I won't extract text from the whole chapter, but we can use the sample text we used previously to understand how this works.

df = pd.read_csv("sample_text_with_embeddings.csv")
question = "What did westward expansion lead to?"
question_vector = openai.Embedding.create(input=[question], model="text-embedding-ada-002")['data'][0]['embedding']

df['similarities'] = df['embeddings'].apply(lambda x: cosine_similarity(json.loads(x), question_vector))
df = df.sort_values("similarities", ascending=False)

print(df.head())
text  ... similarities
3  Jefferson and the Republicans promoted a west-...  ...     0.854431
1  The outcome of the Great War for Empire left G...  ...     0.817069
0  In June 1775, the city of New York faced a per...  ...     0.771593
4  Merchants John Jacob Astor and Robert Oliver b...  ...     0.769621
2  More important, col- onists raised constitutio...  ...     0.760737

Printing the dataframe, you can see which pieces of text are most similar to the query query.

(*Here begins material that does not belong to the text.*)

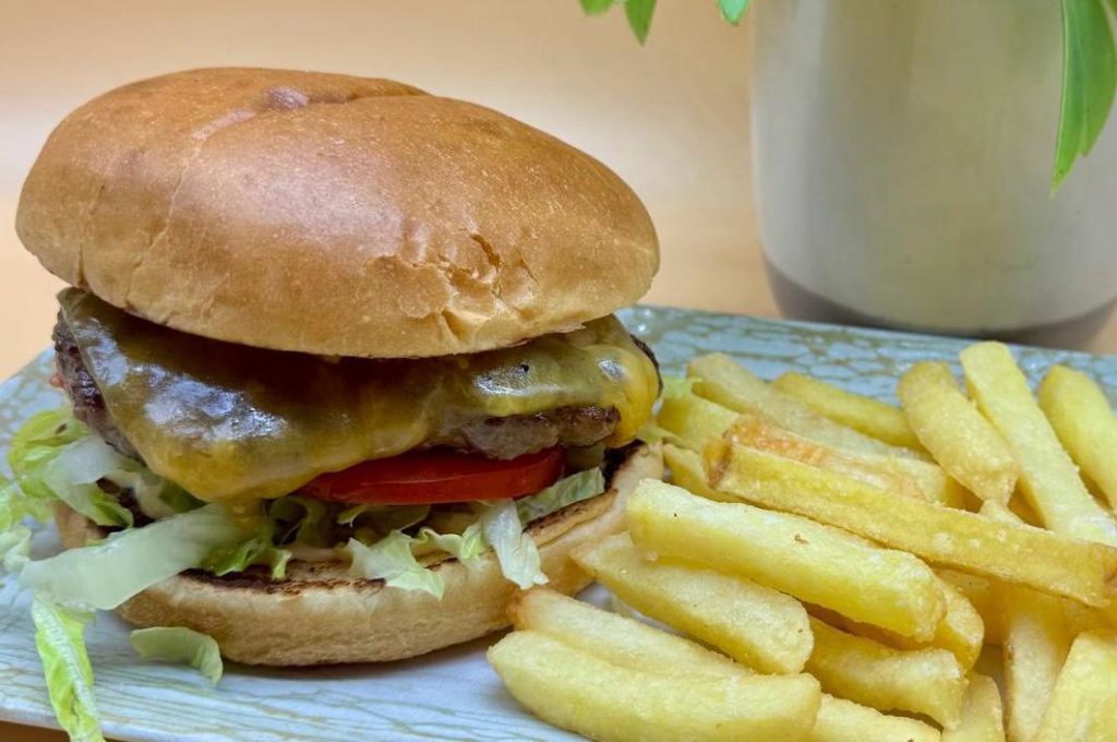 Pan brioche, doble carne Black Angus prensada para conseguir la costra tan especial de las smash, con doble de queso cheddar, pepinillo, y nuestra deliciosa salsa burger.

What's next? -> Vector Databases

Using dataframes to store our data will not work very well when we have large amounts of text. Calling the cosine_similarity function for each row of data is not ideal if we want to quickly get our answers. This is where vector databases come in. Vector databases make it much easier to store and search for unstructured data. I'll be writing a post about it soon, so be sure to subscribe if you don't want to miss it.

Conclusion

In this post, we've shown you how to generate embeddings using OpenAI's Python SDK, how to compare embeddings using cosine similarity, and how to build a primitive version of semantic search using vector similarity to analyze large amounts of data. So go ahead and try it out!